15 августа Евгенов решил собрать совещание с участием всех капитанов судов экспедиции. Страсти накалились. Ян Спрингс, Сиднев и Хренов решительно утверждали, что задание невыполнимо. Сиднев вообще предлагал немедленно прекратить попытки продвижения и возвратиться обратно. Он сказал капитанам: «Если руководство экспедиции нас не послушается, нам остается взять шапки и уйти с совещания».
Меня это возмутило.
Василия Петровича Сиднева я хорошо знал, он проплавал со мной около года вторым помощником на пароходе «Эривань» в 1925 году. Осенью, следуя на Командорские острова, «Эривань» во время ураганного шторма чуть не разбилась о скалистый остров Медный. Сиднев тогда впал в панику. В 1928 году на пароходе «Колыма» он сорвал второй ленский рейс. Войдя уже в море Лаптевых, он повернул обратно. А через пять дней после ухода «Колымы», 21 августа, деревянная парусно-моторная шхуна «Полярная звезда» вышла из Тикси и, благополучно достигнув Ляховских островов, возвратилась в Тикси. «Колыма» же зазимовала. Якутпушнина понесла большой материальный ущерб.
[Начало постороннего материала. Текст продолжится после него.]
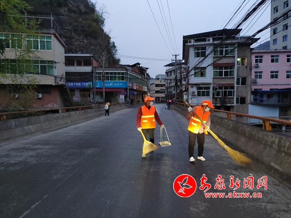 環(huán)衛(wèi)隊(duì)伍清掃集鎮(zhèn)主街道
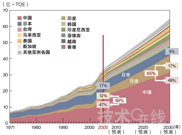 图1:持续增长的能源需求亚洲各国的能源需求变化。印度的增加率较高
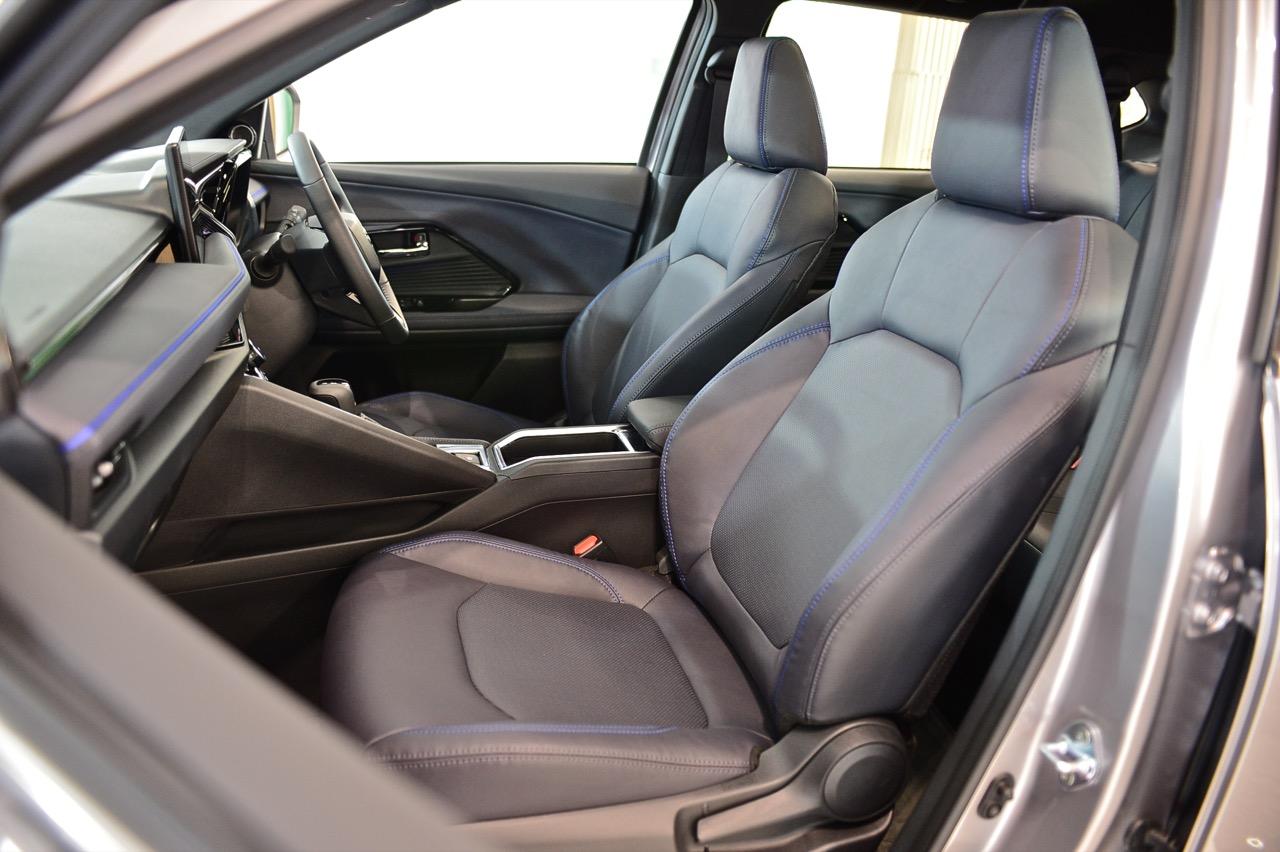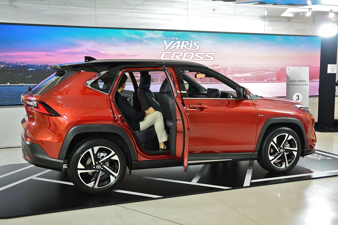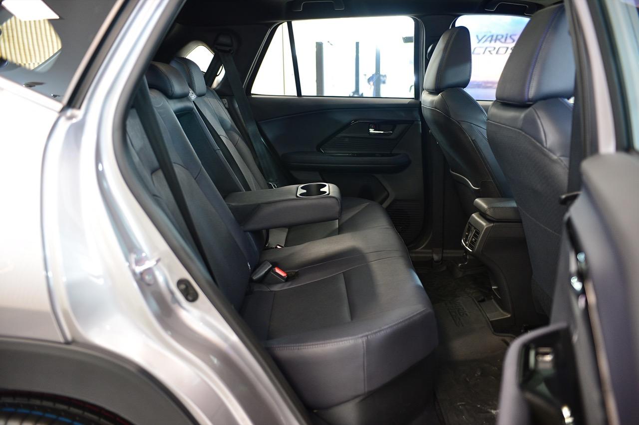ภายในของ Yaris Cross HEV Premium คล้ายกับ HEV Premium Luxury แต่รุ่นรองท็อปไม่มี Panoramic Roof เบาะหุ้มหนังสีเทาเย็บเดินตะเข็บด้วยด้ายสีฟ้า เบาะคนขับปรับไฟฟ้า 8 ทิศทาง เบาะคนนั่งหน้ายังใช้การปรับมือ เบาะหลังแบบสามที่นั่ง นั่งสองคนจะสบายตัวกว่ามาก ทุกตำแหน่งมาพร้อมเข็มขัดนิรภัย เบาะคนขับนั่งสบาย โดยเฉพาะปีกเบาะที่โอบกระชับลำตัว วัสดุภายในนุ่มหนา เบาะหลังมีพื้นที่วางขาพอสมควรสำหรับคนตัวสูงกว่า 175 เซนติเมตร นั่งแล้วยังเหลือพื้นที่ใกล้หัวเข่าพอสมควร ส่วนพื้นที่เหนือศีรษะก็มากพอที่จะไม่ทำให้รู้สึกอึดอัด ดีไซน์ใหม่ของแผงประตูที่ดูดี ทั้งพลาสติกสีดำเงากับมือจับที่เปิดประตูโครเมียม
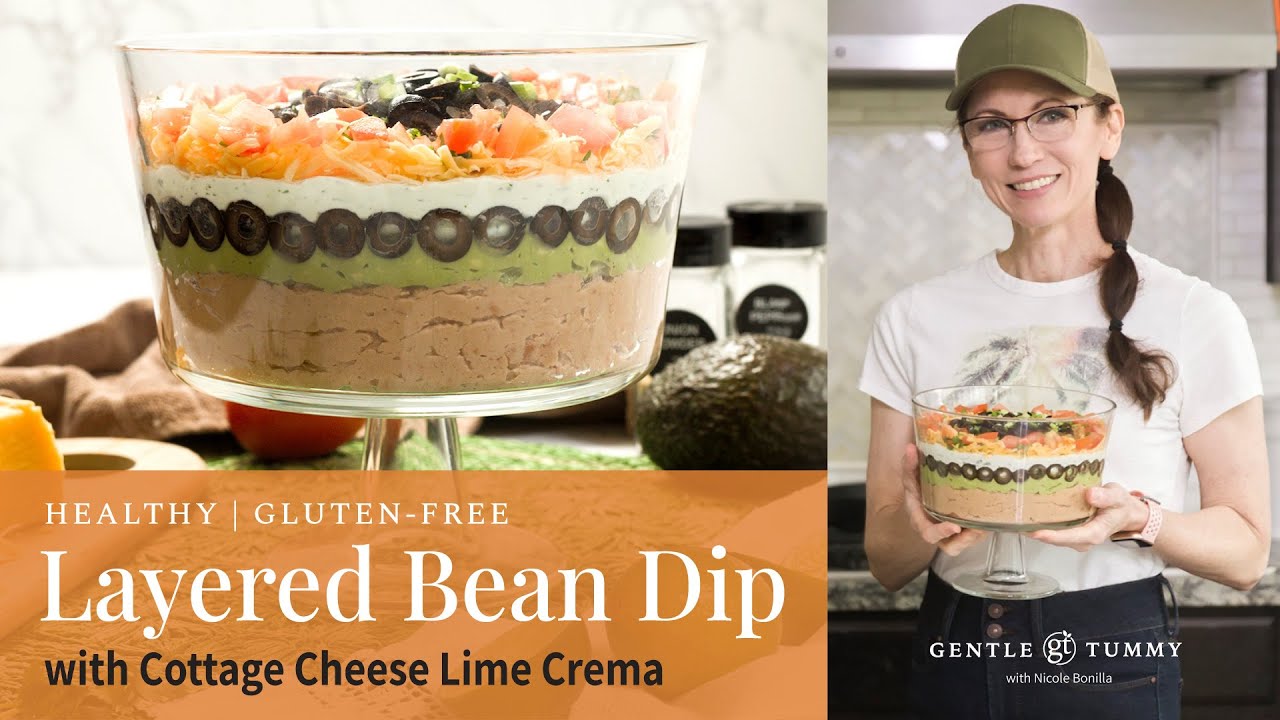 Transcription of “EASY Gluten-Free Layered Bean Dip Cottage Cheese Recipe” Video
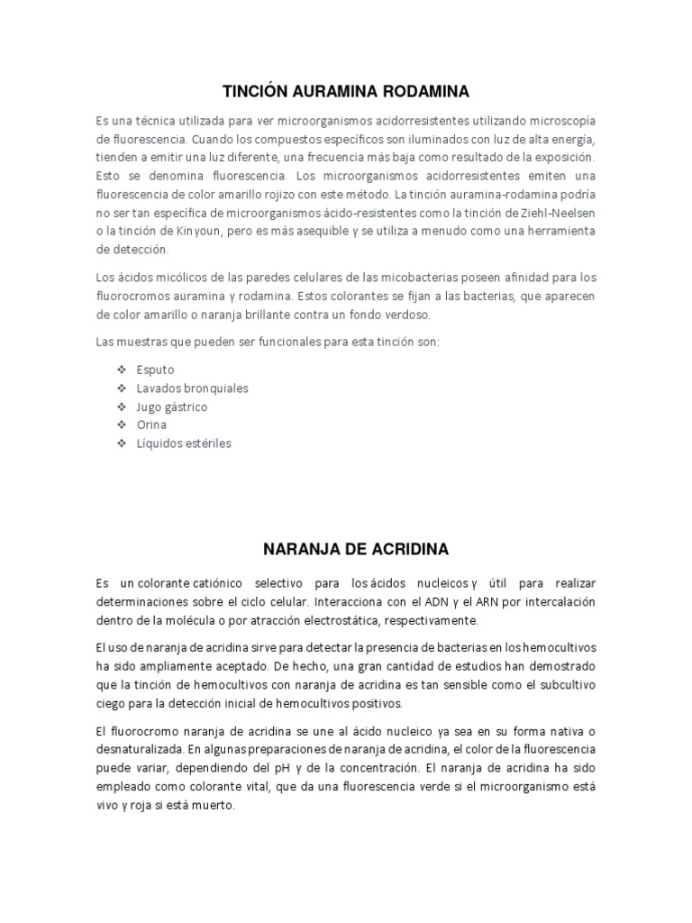 Tincion Auramina Rodamina Docx Tincion Ciencias De La Tierra Y

Я объяснил обстановку и высказал уверенность, что мы достигнем района мыса Ванкарем 22 августа, мыса Северного — 26–27 августа, а к устью Колымы подойдем 3–5 сентября. В заключение я сказал Сидневу; что если он очень хочет, то может брать шапку и уходить, а экспедиция должна идти вперед.
Меня поддержали капитаны «Севера», «Красного партизана» и ледокола «Литке». Они сказали, что надо попытаться использовать все возможности ледокола, нельзя допустить срыва задания.
В результате было принято решение форсировать льды всем составом экспедиционных судов (с определенным риском их повреждения), о чем Евгенов сообщил наркому Янсону, упомянув также, что это может привести к вынужденной зимовке в Арктике.
Итак, суда пошли на штурм Ледовитого океана. С невероятными трудностями 23 августа мы подошли к мысу Ванкарем. Здесь находились пробивавшиеся на восток «Лейтенант Шмидт» и «Колыма».
Встреча капитана Миловзорова с Евгеновым благоприятно отразилась на настроении начальника экспедиции. Миловзоров подтвердил мою уверенность в том, что суда достигнут Колымы в текущую навигацию.
Весь дальнейший путь запомнился как тяжелая изнурительная работа. Суда постоянно шли в тумане, видимость была минимальной из-за частых снегопадов. В некоторых случаях мы пробивались от полыньи к полынье по такому мелководью, что ледокол не мог пройти там, где проходили транспортные суда. Это вынуждало его в одиночку обходить мористые поля сплоченного льда.
Утром 30 августа, когда туман рассеялся, мы увидели до самого горизонта, насколько хватало глаз, белую равнину сплошного льда. Караван стал. Через час я уже сидел в кабине гидросамолета «Р-5» рядом с пилотом Бердником. С высоты восьмисот метров мы хорошо выдели весь район. На запад от стоянки перемычка уплотненного льда, преграждавшего нам путь, была не более десяти миль, дальше шли прогалины, через которые мог свободно идти ледокол.
От мыса Якан до мыса Биллингса виднелась открытая вода с разреженным льдом в три-четыре балла, легко проходимым нашими судами. От мыса Биллингса кромка льда поворачивала на норд-вест, затем на норд и терялась в отдалении. Таким образом, можно было рассчитывать встретить за мысом Биллингса пространство, свободное ото льдов. К сожалению, дальше Бердник лететь не мог, показав мне два скрещенных пальца, что означало — горючего остается только на обратный путь. Самолет повернул назад. Пилот с большим риском посадил его в небольшую прогалину открытой воды вблизи «Сучана».
Разведка льдов показала, что если нам удастся успешно форсировать десятимильную преграду, то перед нами окажется открытый путь до места назначения.
С рассветом начали форсировать перемычку. Ледоколу приходилось прокладывать путь для каждого судна отдельно. Во второй половине дня удалось ввести суда в образовавшуюся прогалину. Продвижение ускорилось. До наступления темноты нам не удалось осилить все препятствия. С утра 31 августа суда продолжали пробиваться на запад и к полудню вышли в разреженный лед и продвинулись вперед миль на сорок. Это уже было большим успехом, до мыса Якан оставалось миль двенадцать. К вечеру ветер засвежел и стал отжимать льды от берега, что нам только помогало.